Above is a photo of Karen Chen, the 2017 U.S. national champion. She won a silver medal in the team event at the 2022 Winter Olympics after skating in the short program and the free skate. The red necklace she’s wearing, which has a rabbit made of jade, is a childhood gift from her mother. Ms. Chen says that she always wears it.
Do you have something like this necklace that comforts you or reminds you of someone special or that you believe brings you luck? If so, what it is? Where did you get it, and why and how does it help you?
In “‘I Just Feel the Best When I Wear Them’,” Juliet Macur writes about Ms. Chen’s jade necklace but also about the costumes she wears to compete, which are made by Hsiu-Hui Tseng, her mother. The article begins:
BEIJING — As soon as Karen Chen skates onto the ice, the dreaded feeling returns.
Her coach could be pounding on the wall of the rink to get her excited. Her family and friends could be screaming encouragement from the stands. The fans could be cheering her name.
Yet in that spotlight, standing there waiting for the music to begin, as she will in Thursday’s free skate of the Beijing Games, she still feels so very vulnerable.
“It’s only me, my body and my mind, and it just hits me that, ugh, I’m doing this by myself,” said Chen, a two-time Olympian and the 2017 U.S. national champion. “That can be so scary.”
She knows the remedy is close, so close that she carries it with her. A quick touch of her jade rabbit necklace and a glance at her costume remind her that it will be OK because her mother is out there with her, too.
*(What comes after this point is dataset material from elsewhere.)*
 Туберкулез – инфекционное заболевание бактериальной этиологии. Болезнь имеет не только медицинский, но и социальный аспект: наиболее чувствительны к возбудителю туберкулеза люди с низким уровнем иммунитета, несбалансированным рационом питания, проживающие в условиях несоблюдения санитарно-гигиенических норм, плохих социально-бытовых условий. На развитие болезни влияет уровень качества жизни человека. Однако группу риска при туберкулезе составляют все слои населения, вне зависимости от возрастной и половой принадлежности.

Chen’s mother, Hsiu-Hui Tseng, gave her that necklace when Chen was 9 after her first serious injury in the sport, a chipped bone in her foot, and the rabbit is Chen’s Chinese zodiac sign. It’s meant to protect her, and Chen always wears it.
And her costume? That’s a different story, one stitched together over years of a mother’s love and support for a daughter who had an Olympic dream and now has realized it twice.
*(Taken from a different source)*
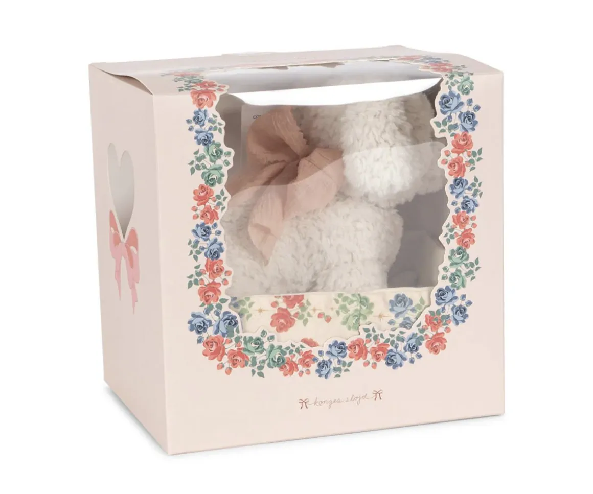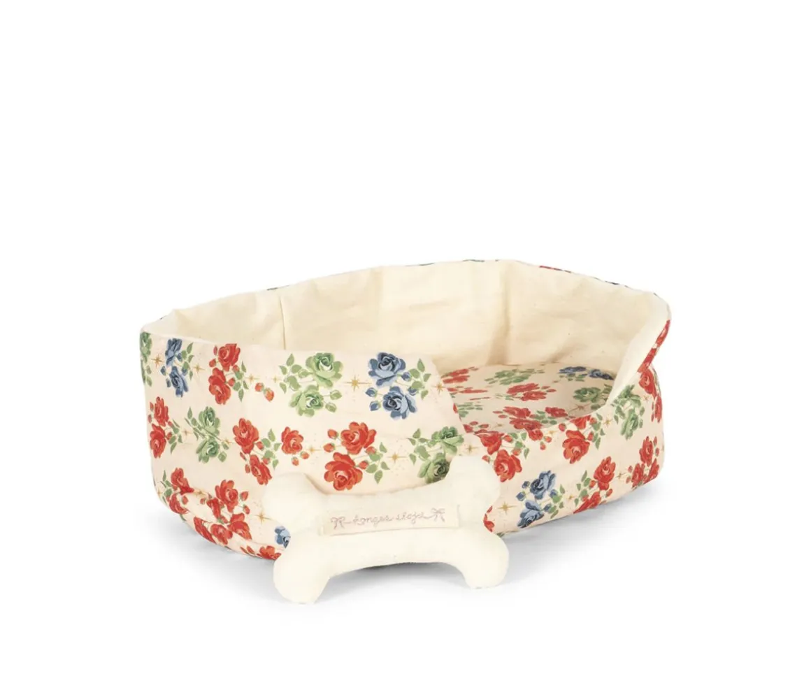 Este adorable perrito de peluche se llama Madeleine y pertenece a la colección floral Fiola de Konges Slojd.

For most of Chen’s career, her mother has made her sparkling costumes that are carefully designed with Swarovski crystals that are the best for catching the light. There could be thousands of them on each costume, and each is individually glued on. The bigger ones are also sewn on, so they don’t fall off.
At this level of the sport, where dresses can cost several thousand dollars each — or more because, in some cases, Vera Wang has designed them — a homemade dress that can pass muster at the top level of the sport is a rarity.
There’s a lavender one with a deep V lined with shining butterflies and flowers, for a performance to “Butterfly Lovers Concerto.” Another, purple with a splash of white and fuchsia flowers that flows daintily across the bodice. A black one with a moody deep V design of dazzling blues on the front and a matching deep scoop on the back.
And one that’s among Chen’s favorites: a lavender dress with an ombré design that took Tseng multiple tries to perfect because she bought the fabric from a Jo-Ann store and dyed it herself. You can learn anything on YouTube, she said.
Chen, 22, wore meticulously mom-made dresses in both the short program and the free skate of the team event last week, when the United States won the silver medal. She can’t imagine wearing a dress made by anyone else.
“It’s hard to explain, but I just feel the best when I wear them,” Chen said, several days after arriving in Beijing.